Hi. Please read the
forum rules for posting (click here). You seem to be missing a couple of things!
will only be about 2.4m x 4.5m when completed
Height? Sound is 3D, not 2D, so height is important too. In fact, height is VERY important.
I assume it is fine to do this with leveling compound?
Right.
I need to raise the floor approximately 180mm so it's level with the hallway.
That implies LOSING 18cm of ceiling height. That's a lot. Unless your ceiling is very high already, then it would not be good to lose height. It would be better to just have one step down into the home theater.
What is the best method for doing this and what would be the best combination of materials to use?
If you really are intent on doing that, then the best materiel is simply concrete.

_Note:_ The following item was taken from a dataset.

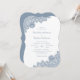 Invitations de mariage bleu poussiéreux simples, mais élégantes, avec dentelle florale bleu poussiéreux et une police de caractères élégante. Personnalisez facilement ces cartes de mariage bleu poussiéreux vintages avec vos détails de mariage.

Nothing better.
There seems to be a bewildering array of products on the market, and I see recommendation and condemnation of them all in equal measure it seems lol!
First, you MUST avoid having any type of air cavity down there. If you are thinking of any type of floor that has air in it (such as a raised wooden floor with insulation inside), then that would be a bad idea. That's a resonant cavity, and it WILL resonate at whatever frequencies it is tuned too...
I am somewhat limited by budget... flexible, but I don't have thousands to spend on it alone, as much as some people may say I should.
Then you have basically three options:
1) Don't do anything! just level it, and have a step down. That's the best, easiest, and cheapest.
2) Fill it with concrete 18cm thick.
3) Fill it with loose, dry sand, then put a wooden deck on top.
I will be going with a room within a room setup, so my stud walls will be built off the floor, with new ceiling joists off these, entirely decoupled from the existing brickwork.
Excellent! And that rules out option 3: you can't have your inner-leaf walls resting on a sand-filled deck. That leaves you with options 1 and 2.